* Your instructions: The expected answer is a single number, namely how many lines in the data below hold the word "have".

Top of Study material

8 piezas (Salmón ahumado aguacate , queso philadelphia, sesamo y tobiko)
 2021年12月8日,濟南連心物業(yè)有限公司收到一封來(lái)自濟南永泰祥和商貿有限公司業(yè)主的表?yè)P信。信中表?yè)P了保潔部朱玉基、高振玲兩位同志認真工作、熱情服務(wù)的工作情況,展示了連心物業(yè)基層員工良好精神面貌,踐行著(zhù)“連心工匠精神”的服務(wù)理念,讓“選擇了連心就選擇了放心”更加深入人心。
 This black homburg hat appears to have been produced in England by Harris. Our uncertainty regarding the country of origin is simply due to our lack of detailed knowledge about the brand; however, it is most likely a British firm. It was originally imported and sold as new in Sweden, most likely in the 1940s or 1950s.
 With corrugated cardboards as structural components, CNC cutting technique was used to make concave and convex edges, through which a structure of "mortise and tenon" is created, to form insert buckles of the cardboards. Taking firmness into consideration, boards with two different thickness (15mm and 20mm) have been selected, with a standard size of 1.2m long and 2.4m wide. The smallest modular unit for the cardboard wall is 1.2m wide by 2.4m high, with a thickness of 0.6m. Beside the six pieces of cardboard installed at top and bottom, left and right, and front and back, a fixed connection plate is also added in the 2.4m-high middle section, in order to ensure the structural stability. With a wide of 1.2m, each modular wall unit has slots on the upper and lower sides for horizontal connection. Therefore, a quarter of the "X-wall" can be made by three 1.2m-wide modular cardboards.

Bottom of Study material
Top of Study material

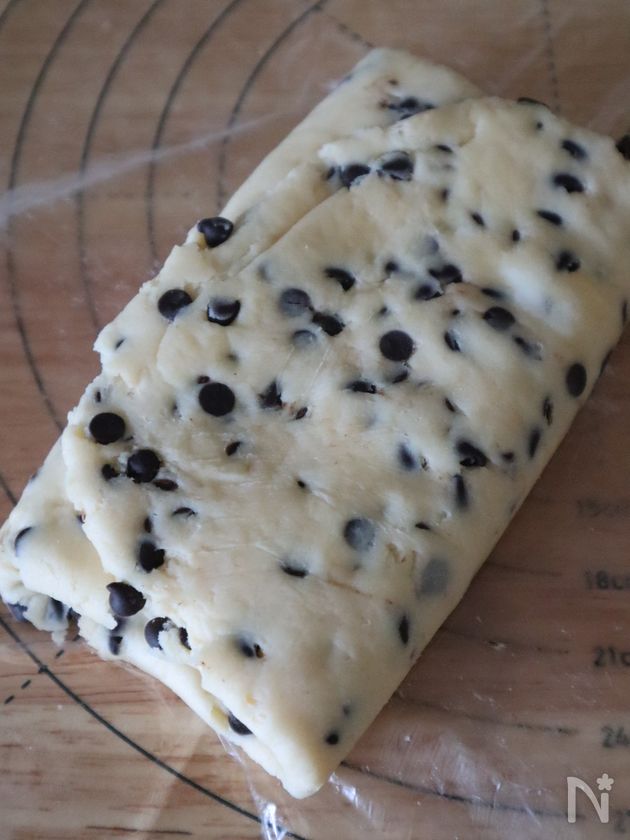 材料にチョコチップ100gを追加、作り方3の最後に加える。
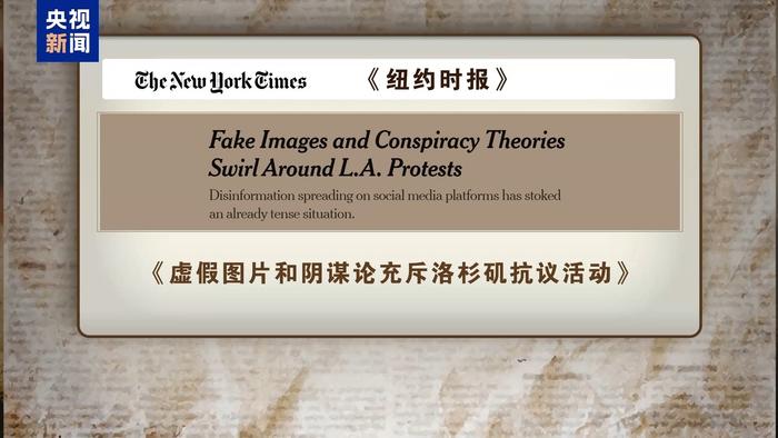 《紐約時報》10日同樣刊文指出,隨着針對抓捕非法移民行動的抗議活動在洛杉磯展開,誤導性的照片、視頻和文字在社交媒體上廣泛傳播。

Bottom of Study material
Top of Study material

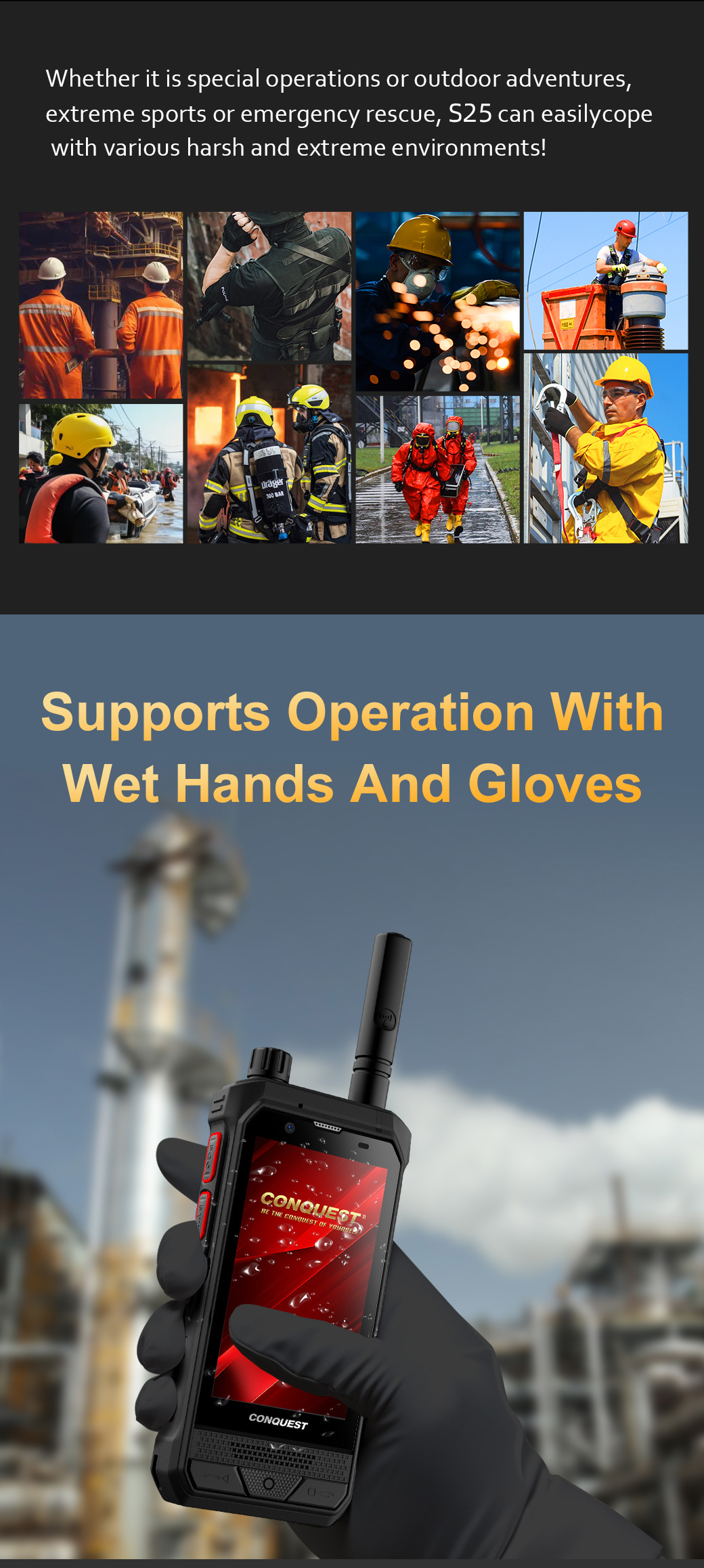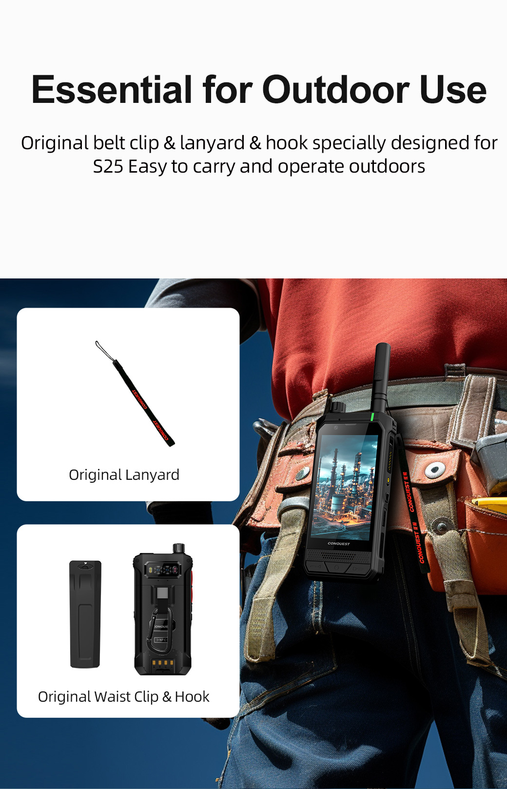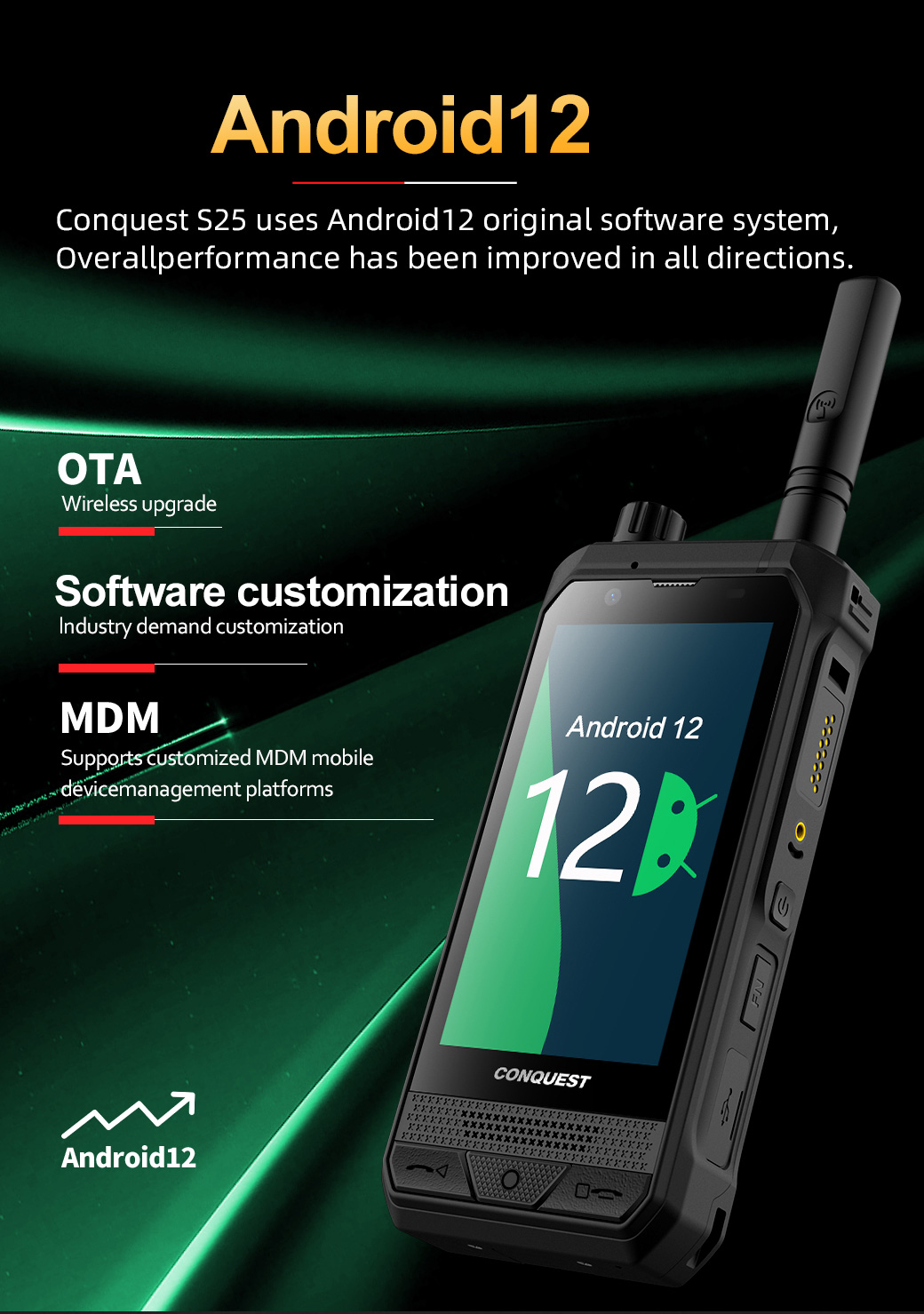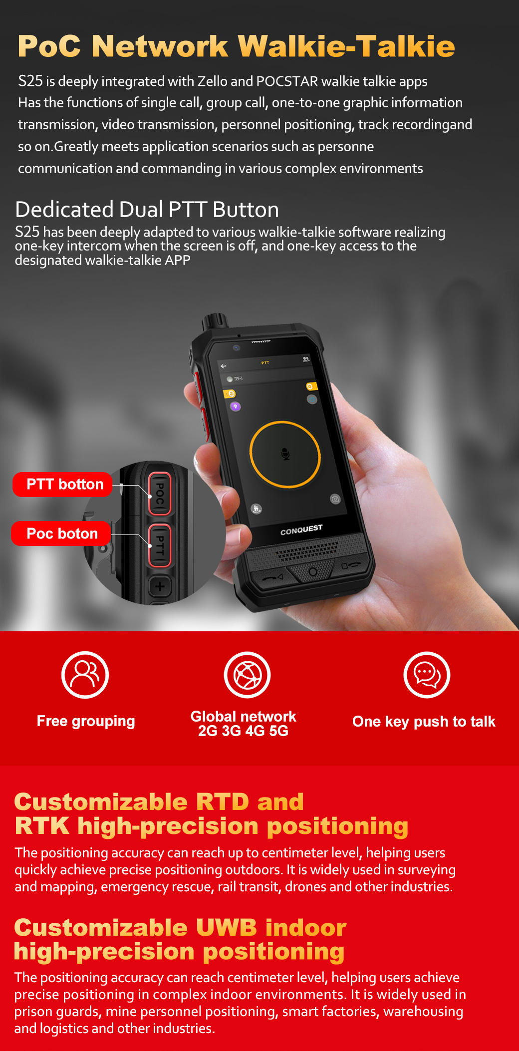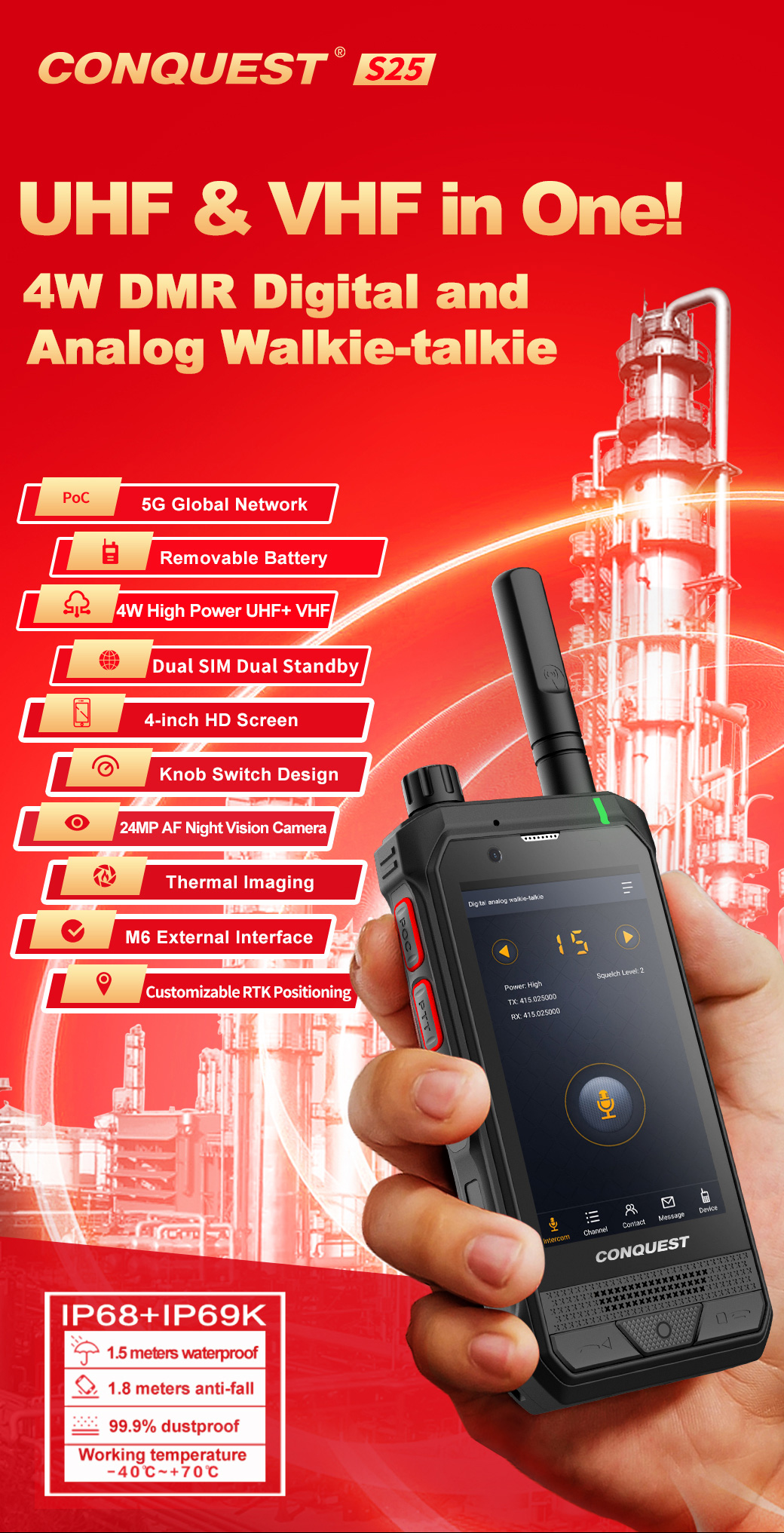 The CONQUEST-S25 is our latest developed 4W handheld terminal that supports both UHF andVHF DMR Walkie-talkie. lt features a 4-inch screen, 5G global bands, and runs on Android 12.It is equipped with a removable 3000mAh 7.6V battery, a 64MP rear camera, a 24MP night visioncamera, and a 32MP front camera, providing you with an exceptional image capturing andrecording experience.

Bottom of Study material

* Your solution: 2